**Task to complete**
Take the line containing "但有趣地從上圖可以看見,近一" and all lines after it, through the end of the material, and repeat them exactly, pictures left out.

------ Supplied data ------

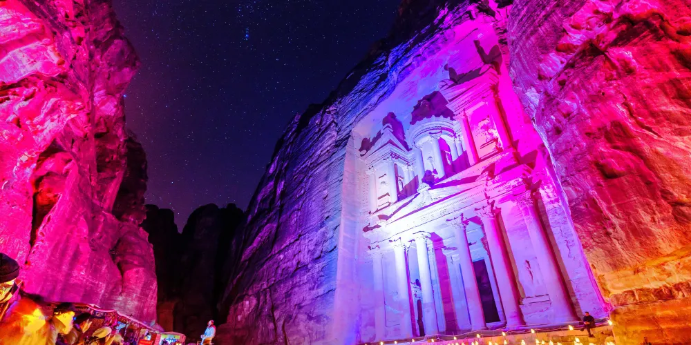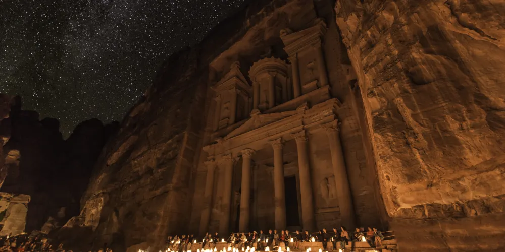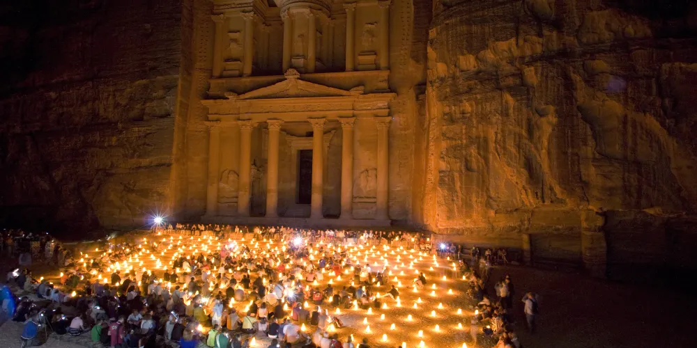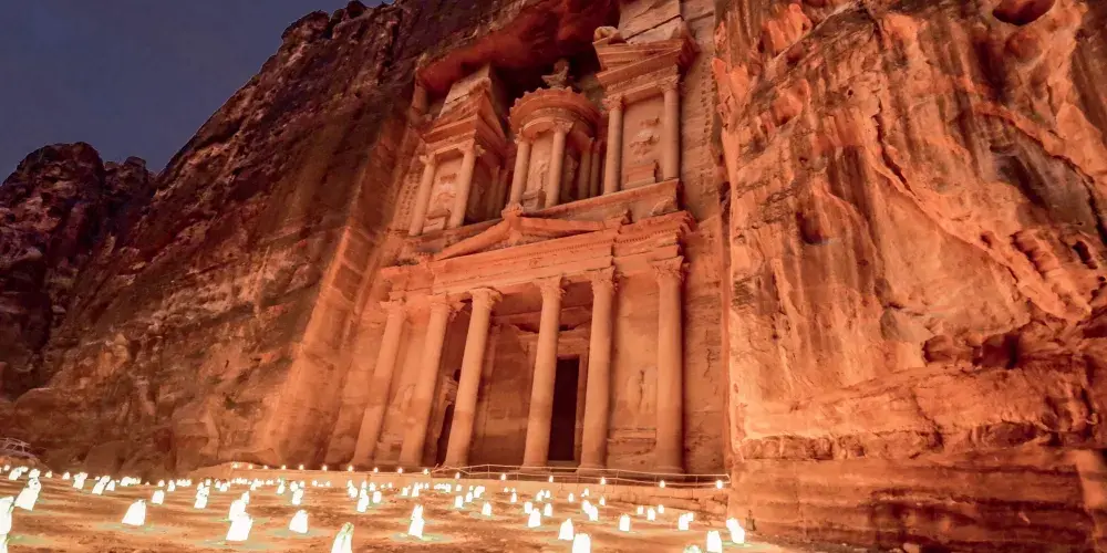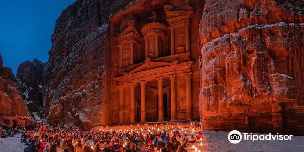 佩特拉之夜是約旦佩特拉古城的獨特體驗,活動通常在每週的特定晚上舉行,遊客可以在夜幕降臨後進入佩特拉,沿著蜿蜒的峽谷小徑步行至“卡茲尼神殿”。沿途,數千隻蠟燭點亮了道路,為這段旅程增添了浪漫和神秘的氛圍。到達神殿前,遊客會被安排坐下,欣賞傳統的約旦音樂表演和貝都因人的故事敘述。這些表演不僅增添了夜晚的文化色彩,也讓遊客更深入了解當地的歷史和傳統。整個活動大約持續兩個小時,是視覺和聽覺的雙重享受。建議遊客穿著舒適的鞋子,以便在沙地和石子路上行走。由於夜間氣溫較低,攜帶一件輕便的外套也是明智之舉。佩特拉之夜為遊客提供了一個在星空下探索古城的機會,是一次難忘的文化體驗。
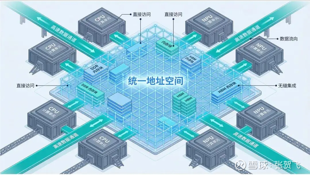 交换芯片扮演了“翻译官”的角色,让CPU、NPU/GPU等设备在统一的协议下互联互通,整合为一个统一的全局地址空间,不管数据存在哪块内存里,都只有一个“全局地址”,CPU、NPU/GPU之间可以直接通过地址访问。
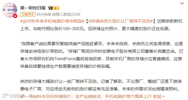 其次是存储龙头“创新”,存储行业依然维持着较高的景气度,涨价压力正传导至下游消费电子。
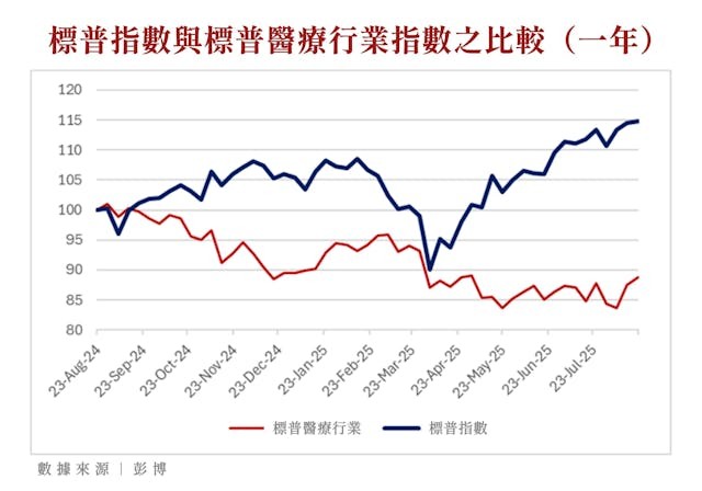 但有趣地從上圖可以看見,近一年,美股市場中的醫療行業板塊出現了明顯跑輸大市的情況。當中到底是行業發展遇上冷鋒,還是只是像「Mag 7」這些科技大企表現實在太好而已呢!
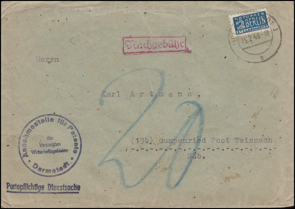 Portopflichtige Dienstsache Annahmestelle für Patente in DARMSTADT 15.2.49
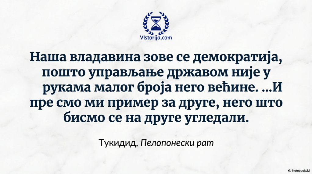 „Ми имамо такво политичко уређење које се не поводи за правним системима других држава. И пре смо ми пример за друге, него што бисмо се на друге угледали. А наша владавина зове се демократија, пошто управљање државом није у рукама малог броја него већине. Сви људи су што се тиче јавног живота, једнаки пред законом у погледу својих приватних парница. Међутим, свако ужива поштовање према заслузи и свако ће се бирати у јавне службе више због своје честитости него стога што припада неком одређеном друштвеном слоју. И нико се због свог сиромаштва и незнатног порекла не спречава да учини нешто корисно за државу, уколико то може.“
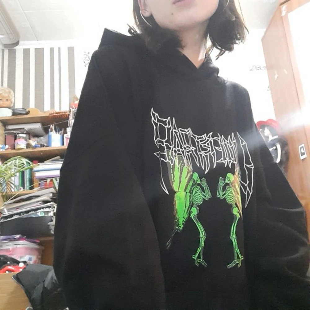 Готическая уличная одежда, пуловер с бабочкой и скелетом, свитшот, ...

------

**Response for this exercise**
 但有趣地從上圖可以看見,近一年,美股市場中的醫療行業板塊出現了明顯跑輸大市的情況。當中到底是行業發展遇上冷鋒,還是只是像「Mag 7」這些科技大企表現實在太好而已呢!
 Portopflichtige Dienstsache Annahmestelle für Patente in DARMSTADT 15.2.49
 „Ми имамо такво политичко уређење које се не поводи за правним системима других држава. И пре смо ми пример за друге, него што бисмо се на друге угледали. А наша владавина зове се демократија, пошто управљање државом није у рукама малог броја него већине. Сви људи су што се тиче јавног живота, једнаки пред законом у погледу својих приватних парница. Међутим, свако ужива поштовање према заслузи и свако ће се бирати у јавне службе више због своје честитости него стога што припада неком одређеном друштвеном слоју. И нико се због свог сиромаштва и незнатног порекла не спречава да учини нешто корисно за државу, уколико то може.“
 Готическая уличная одежда, пуловер с бабочкой и скелетом, свитшот, ...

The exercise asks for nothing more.